→ Supplied data
--- START ---
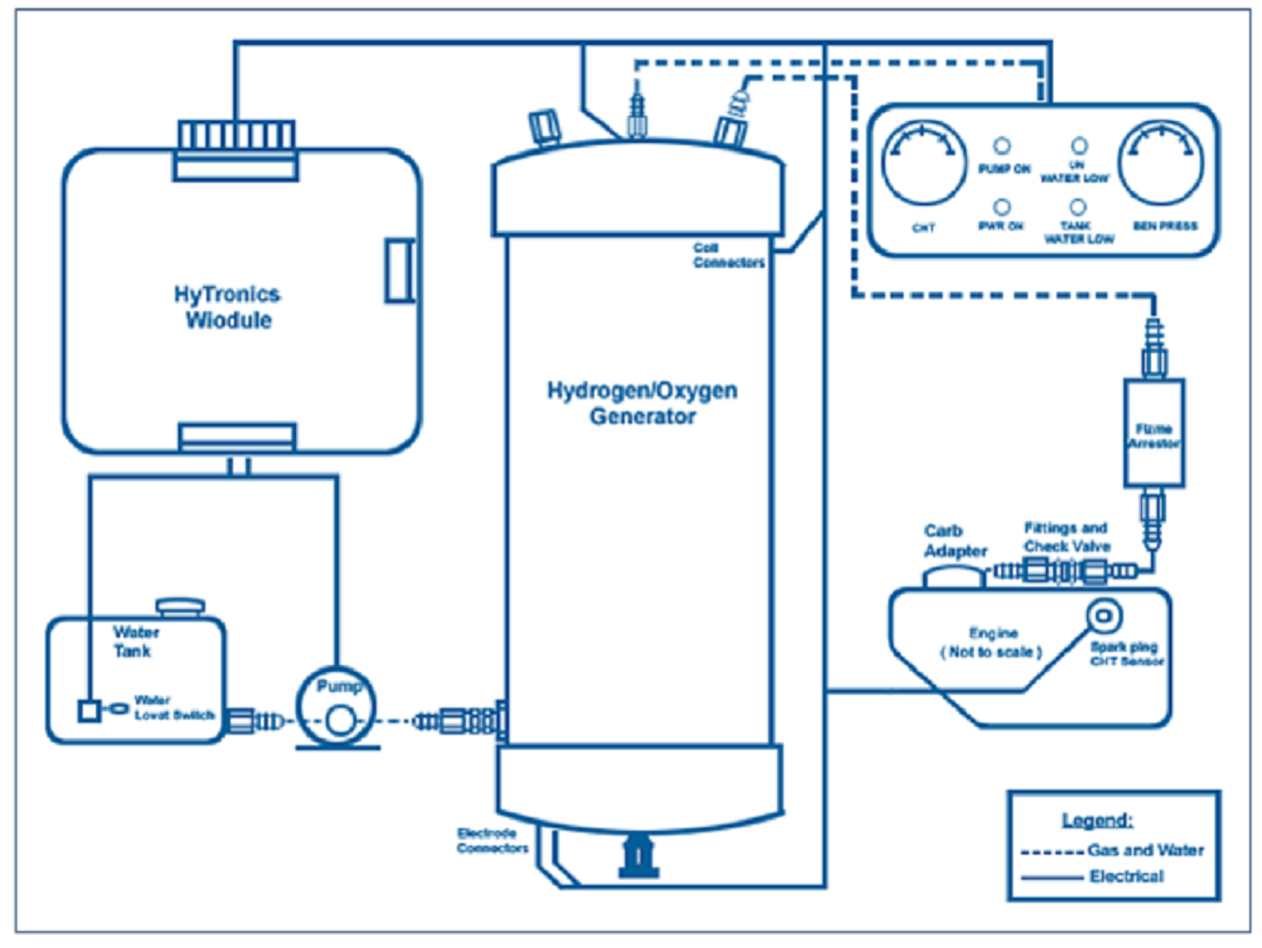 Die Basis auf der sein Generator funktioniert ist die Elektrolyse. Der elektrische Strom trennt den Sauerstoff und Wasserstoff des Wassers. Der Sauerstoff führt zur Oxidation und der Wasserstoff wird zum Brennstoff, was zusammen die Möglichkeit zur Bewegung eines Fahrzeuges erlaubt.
--- END ---
--- START ---
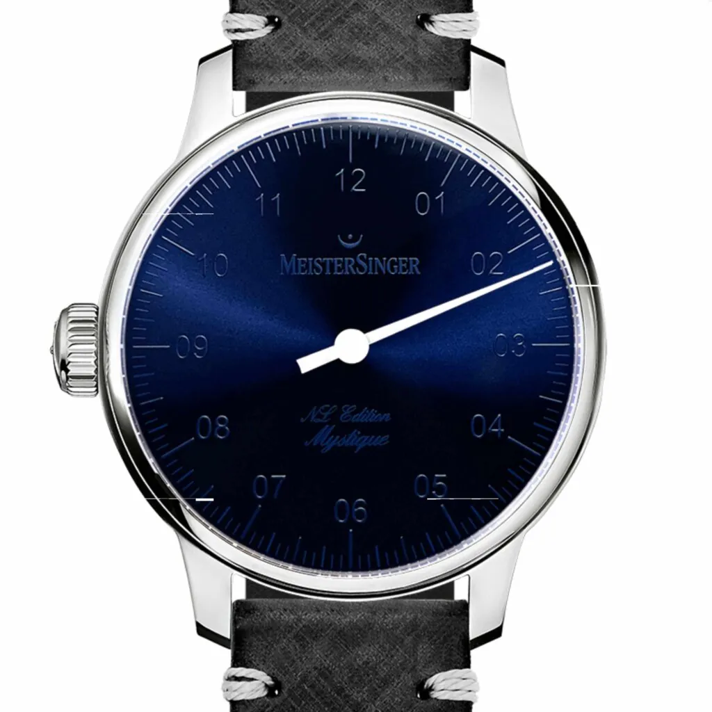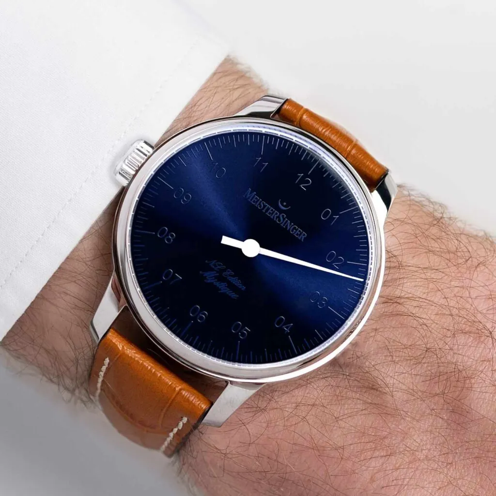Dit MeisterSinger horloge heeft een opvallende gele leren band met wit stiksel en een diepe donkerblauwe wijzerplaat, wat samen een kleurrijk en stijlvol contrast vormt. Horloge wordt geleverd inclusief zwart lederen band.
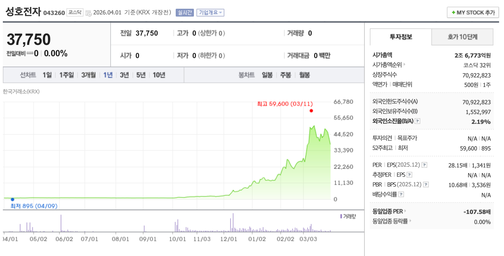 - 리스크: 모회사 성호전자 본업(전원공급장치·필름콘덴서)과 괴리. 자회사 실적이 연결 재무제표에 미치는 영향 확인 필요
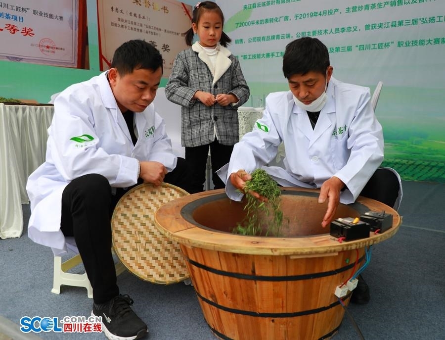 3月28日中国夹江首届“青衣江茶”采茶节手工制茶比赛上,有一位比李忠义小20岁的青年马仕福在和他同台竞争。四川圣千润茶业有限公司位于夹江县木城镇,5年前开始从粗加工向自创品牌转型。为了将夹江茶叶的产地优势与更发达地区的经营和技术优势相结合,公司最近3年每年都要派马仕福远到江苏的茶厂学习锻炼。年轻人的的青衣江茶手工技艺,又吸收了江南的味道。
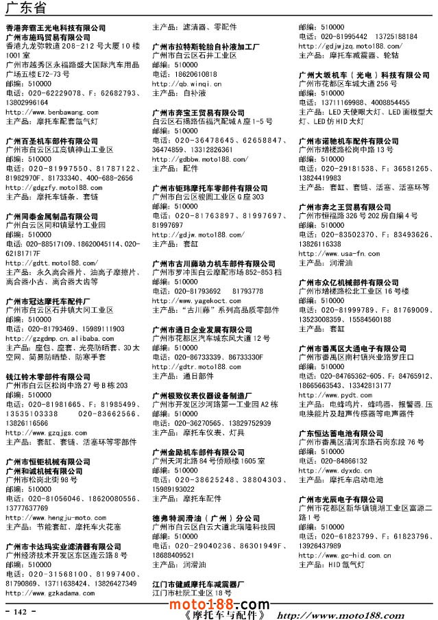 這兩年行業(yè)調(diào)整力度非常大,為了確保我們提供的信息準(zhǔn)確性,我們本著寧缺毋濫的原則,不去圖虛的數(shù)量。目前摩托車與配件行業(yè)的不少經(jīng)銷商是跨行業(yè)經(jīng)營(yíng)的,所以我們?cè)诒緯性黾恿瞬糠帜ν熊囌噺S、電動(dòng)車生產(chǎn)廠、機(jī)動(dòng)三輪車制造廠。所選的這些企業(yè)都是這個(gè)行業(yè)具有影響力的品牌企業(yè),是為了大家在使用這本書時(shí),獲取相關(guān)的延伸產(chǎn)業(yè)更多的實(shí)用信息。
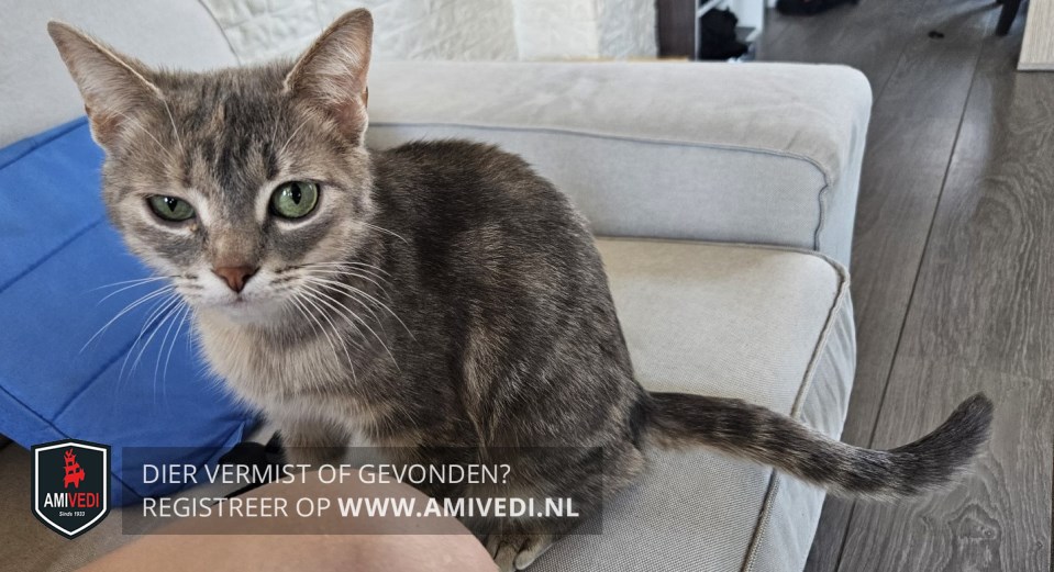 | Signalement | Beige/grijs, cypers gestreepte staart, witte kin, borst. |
--- END ---
→ Exercise requirements
Copy word for word only the lines above from the one with "- 리스크: 모회사 성호전자" through the one with "這兩年行業(yè)調(dià". Leave pictures out.

→ Problem solution
 - 리스크: 모회사 성호전자 본업(전원공급장치·필름콘덴서)과 괴리. 자회사 실적이 연결 재무제표에 미치는 영향 확인 필요
 3月28日中国夹江首届“青衣江茶”采茶节手工制茶比赛上,有一位比李忠义小20岁的青年马仕福在和他同台竞争。四川圣千润茶业有限公司位于夹江县木城镇,5年前开始从粗加工向自创品牌转型。为了将夹江茶叶的产地优势与更发达地区的经营和技术优势相结合,公司最近3年每年都要派马仕福远到江苏的茶厂学习锻炼。年轻人的的青衣江茶手工技艺,又吸收了江南的味道。
 這兩年行業(yè)調(diào)整力度非常大,為了確保我們提供的信息準(zhǔn)確性,我們本著寧缺毋濫的原則,不去圖虛的數(shù)量。目前摩托車與配件行業(yè)的不少經(jīng)銷商是跨行業(yè)經(jīng)營(yíng)的,所以我們?cè)诒緯性黾恿瞬糠帜ν熊囌噺S、電動(dòng)車生產(chǎn)廠、機(jī)動(dòng)三輪車制造廠。所選的這些企業(yè)都是這個(gè)行業(yè)具有影響力的品牌企業(yè),是為了大家在使用這本書時(shí),獲取相關(guān)的延伸產(chǎn)業(yè)更多的實(shí)用信息。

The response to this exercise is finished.